Moving toward success

Describing himself as, sequentially, a “failed” general-relativity physicist, computational scientist, network-applications specialist, and builder of large-scale computational environments, he drew a direct line – invisible to himself at the time – leading to his 11-year leadership of one of the largest, most geographically distributed efforts to expand access to NSF-funded advanced computing resources and services to an ever-growing community. XSEDE did this by creating a distributed, inclusive, and innovative environment matching that community to rapidly evolving technologies.

“I was also working on building community … in those days, even if I didn’t realize I was doing it,” he said.

Another step toward making XSEDE a success, he said, was his stint as forum chair of the TeraGrid project, XSEDE’s predecessor organization, from 2008-11. While governance of TeraGrid, which was led by a council of often-competing NSF-funded resource providers, was sometimes contentious, it laid the groundwork for the more-successful follow on program.

TeraGrid’s final report reviewed how the organization had offered computing services to a wider range of users (including the initiation of the Campus Champions program in 2008, which would go on to become a popular onramp to XSEDE), innovated student programs to educate the next generation of HPC professionals, and co-founded the ARCC conferences. Another success of TeraGrid, continued in XSEDE, was that the NSF-funded program did not only support NSF-funded research; discussions with NSF leadership led to a policy to all open research whether or not it is funded by the NSF. That decision gave both organizations an impact far beyond the NSF ecosystem.

John Towns (center)

Perhaps more importantly, the report described the challenges with which the organization struggled.

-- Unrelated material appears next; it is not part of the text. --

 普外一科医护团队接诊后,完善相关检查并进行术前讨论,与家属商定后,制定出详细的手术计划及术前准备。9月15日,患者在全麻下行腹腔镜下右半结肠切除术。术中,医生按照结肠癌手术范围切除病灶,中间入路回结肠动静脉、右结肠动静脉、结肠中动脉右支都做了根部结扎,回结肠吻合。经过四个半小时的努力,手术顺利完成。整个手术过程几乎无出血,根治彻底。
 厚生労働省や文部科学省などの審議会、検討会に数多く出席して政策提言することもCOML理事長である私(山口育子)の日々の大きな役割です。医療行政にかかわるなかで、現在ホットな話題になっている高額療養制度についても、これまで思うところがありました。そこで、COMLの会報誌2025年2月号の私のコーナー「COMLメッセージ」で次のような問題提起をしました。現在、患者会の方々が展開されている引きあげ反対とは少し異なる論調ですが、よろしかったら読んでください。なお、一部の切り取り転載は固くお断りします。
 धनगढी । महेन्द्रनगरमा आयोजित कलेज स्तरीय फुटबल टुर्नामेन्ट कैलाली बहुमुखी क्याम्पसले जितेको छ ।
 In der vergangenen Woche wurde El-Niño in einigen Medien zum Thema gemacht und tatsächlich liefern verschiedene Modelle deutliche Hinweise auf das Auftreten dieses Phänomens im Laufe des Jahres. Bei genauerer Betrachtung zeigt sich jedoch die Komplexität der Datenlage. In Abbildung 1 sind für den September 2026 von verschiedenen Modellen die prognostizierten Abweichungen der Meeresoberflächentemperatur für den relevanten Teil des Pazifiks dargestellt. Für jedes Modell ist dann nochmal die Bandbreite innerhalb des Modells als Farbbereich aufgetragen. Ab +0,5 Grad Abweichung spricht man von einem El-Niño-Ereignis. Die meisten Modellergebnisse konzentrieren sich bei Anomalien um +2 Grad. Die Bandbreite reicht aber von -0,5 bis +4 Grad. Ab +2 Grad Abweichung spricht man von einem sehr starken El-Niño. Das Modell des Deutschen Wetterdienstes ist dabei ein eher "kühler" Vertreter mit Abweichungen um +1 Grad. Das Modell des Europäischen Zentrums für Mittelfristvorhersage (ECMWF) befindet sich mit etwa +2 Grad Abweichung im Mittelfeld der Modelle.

The report’s recommendations were incorporated into the NSF’s Extreme Digital Competition, which led to XSEDE being funded in July 2011. The five-year project would be funded to the tune of $121 million, not counting the $4.6 million in supplements eventually awarded.

XSEDE is born

Not that XSEDE was an instant success.

“It wasn’t pretty to start out with,” Towns said. “The fact of the matter is that XSEDE has been very, very successful, but in the first year or so, it didn’t look like it does today … There were deep divides among the participants; it was a challenging process to get through … I wonder how we were able to operate as well as we did when we look at it today.”

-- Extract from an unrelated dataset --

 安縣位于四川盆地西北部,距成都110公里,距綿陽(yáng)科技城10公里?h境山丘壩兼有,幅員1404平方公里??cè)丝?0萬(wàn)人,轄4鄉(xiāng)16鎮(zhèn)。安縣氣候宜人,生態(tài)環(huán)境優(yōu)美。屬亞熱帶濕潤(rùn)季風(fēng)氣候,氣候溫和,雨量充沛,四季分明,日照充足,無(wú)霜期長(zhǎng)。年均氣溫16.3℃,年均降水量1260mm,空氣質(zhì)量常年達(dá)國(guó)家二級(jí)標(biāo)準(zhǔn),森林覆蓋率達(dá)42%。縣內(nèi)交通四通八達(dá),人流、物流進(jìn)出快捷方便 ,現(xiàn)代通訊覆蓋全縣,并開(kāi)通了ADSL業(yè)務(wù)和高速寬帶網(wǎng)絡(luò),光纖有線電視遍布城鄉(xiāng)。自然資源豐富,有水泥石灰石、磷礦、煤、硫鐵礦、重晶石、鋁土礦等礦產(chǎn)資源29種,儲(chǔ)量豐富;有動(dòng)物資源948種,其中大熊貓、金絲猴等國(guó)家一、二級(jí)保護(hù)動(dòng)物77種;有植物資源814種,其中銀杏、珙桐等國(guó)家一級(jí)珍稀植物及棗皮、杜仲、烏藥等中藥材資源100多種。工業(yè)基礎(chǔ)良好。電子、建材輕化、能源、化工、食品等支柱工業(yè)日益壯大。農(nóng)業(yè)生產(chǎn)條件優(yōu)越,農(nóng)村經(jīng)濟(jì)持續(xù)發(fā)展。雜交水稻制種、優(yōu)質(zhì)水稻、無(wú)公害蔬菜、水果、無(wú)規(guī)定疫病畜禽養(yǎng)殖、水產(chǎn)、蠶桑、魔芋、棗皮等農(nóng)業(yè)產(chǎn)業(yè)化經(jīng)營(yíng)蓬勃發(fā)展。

The first three years of the project then became an intense team-building effort featuring expansive and ongoing strategic planning. Towns’ talent for mixing delegation with authority proved central to that team building.

While Towns was always there to resolve differences when needed, XSEDE was composed of service providers (HPC centers more or less synonymous with the NSF-funded, XSEDE-allocated computers they hosted) that became competitors the moment the next NSF call for proposals came out. This dual nature of collaboration and competition created complex relationships that necessitated “leadership by influence,” he said.

A “balanced governance” model offered strong central management with decision-making “pushed to as far down in the structure as possible.” Key to that were delegation and decentralization, with genuine stakeholder participation and formal risk management and change control to make governance decisions concrete and defensible.

“How did we get here? Trust,” Towns said. With managers who did not report to him in the usual manner and Service Provider Partners with independent subawards, finding confluences of interest proved key to making the teamwork work. In turn, the complementary capabilities of the partners leveraged the strengths of the smaller institutions and offered a diversity of viewpoints and contributions.

“We stubbed our toes on that a number of times, but we’ve gotten pretty good at it.”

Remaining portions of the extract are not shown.